Nadella、AI企業への「知識流出」を警告
原題: Satya Nadella has issued a shocking warning to companies using AI
なぜ重要か
クラウド最大手のトップがAIデータ主権問題を公式提起したことで、企業のAI調達戦略やAIラボの利用規約に対する業界全体の議論が加速する可能性がある。
MicrosoftのCEO Satya Nadellaは2026年7月13日付のブログ記事で、企業がOpenAIやAnthropicなどのAIモデルを利用する際、料金を支払うだけでなく、プロンプトや修正データを通じて自社の機密ノウハウを無償で提供している実態を指摘し、企業は「知能に対して二重に対価を払っている」と警告した。
Microsoftの CEO Satya Nadellaは、2026年7月13日(日)に公開したブログ投稿の中で、AIモデルを導入した企業が気づかないうちに自社の競争優位の源泉となる知識をAIラボに提供しているリスクを詳細に論じた。
Nadellaによれば、企業は「バイヤー」としてトークン使用料を支払うと同時に、モデルを有効活用するために自社の業務知識や業界固有のノウハウを入力せざるを得ない。
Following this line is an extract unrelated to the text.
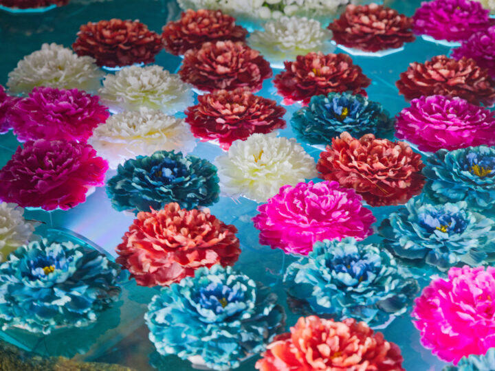「浮花 -Fuka-」は、自然石や松が織りなす日本庭園の景観に、色とりどりの花のオブジェを組み合わせた体験型コンテンツ。池の水面に浮かぶ花々と円形のステップにより、来場者自身が風景の中に入り込むような感覚を味わえる構成となっている。

さらに問題なのは、ユーザーがモデルの誤りを修正するたびに、その修正内容がモデルの学習データ(いわゆる「exhaust=排気データ」)として蓄積されることだ。「モデルはプロンプト、エージェントが使用するツール、そして人が行う修正という『exhaust』から学習する。すべての修正が機関固有の知見として蒸留される」とNadellaは述べ、こうした知識は「競合他社がいくら資金を積んでも買えない」性質のものであると強調した。
Nadellaはまた、AIラボがインターネット上の公開データを自由に学習に使用しておきながら、自社モデルの出力を使って新しいモデルを訓練する「distillation(蒸留)」という行為を利用規約で制限していることを「偽善的」と批判した。2026年2月には、AnthropicがClaude宛てに数百万件のプロンプトを送りつけた中国のオープンソースモデルによる蒸留行為を問題視し、米政府に輸出規制の強化を要請した事例もある。
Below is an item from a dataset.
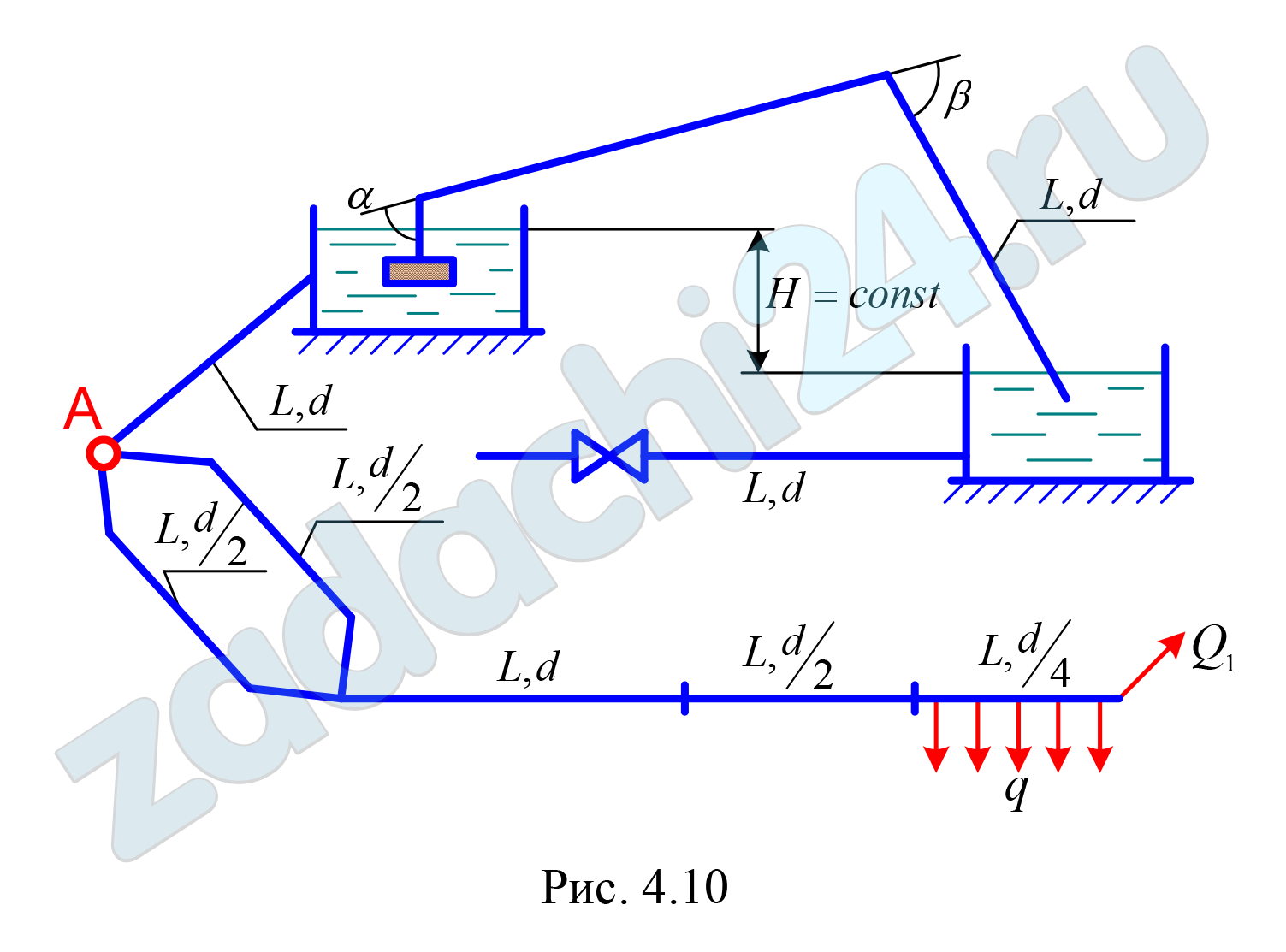 11.190 Из источника А вода подается по чугунному трубопроводу в водоем со скоростью υо, где поддерживается уровень, который сообщен с другим водоемом посредством сифона. Чугунный сифон имеет диаметр d и углы поворота α и β. От второго водоема отходит чугунный трубопровод диаметром d толщиной стенки е, в котором перед закрытием задвижки создается давление ро. Другой участок системы водоснабжения имеет трубопроводы с параллельным и последовательным соединениями. Путевой объемный расход в конце последовательного участка составляет q.

Nadellaが特に懸念するのは、モデル提供企業が「顧客の使用・インタラクションデータから学習する権利を留保する」条項を設けているケースだ。VCのJason CalacanisやPalantir CEOのAlex Karpらも同様の警告を以前から発していたが、今回は世界最大級のクラウド事業者のトップが同じ懸念を公式に表明した点が注目される。
Nadellaの提案は、企業がプロンプト・フィードバックを含むデータの「所有権」を保持すべきというものであり、クラウドプロバイダーとしてのMicrosoftの立場とも合致する。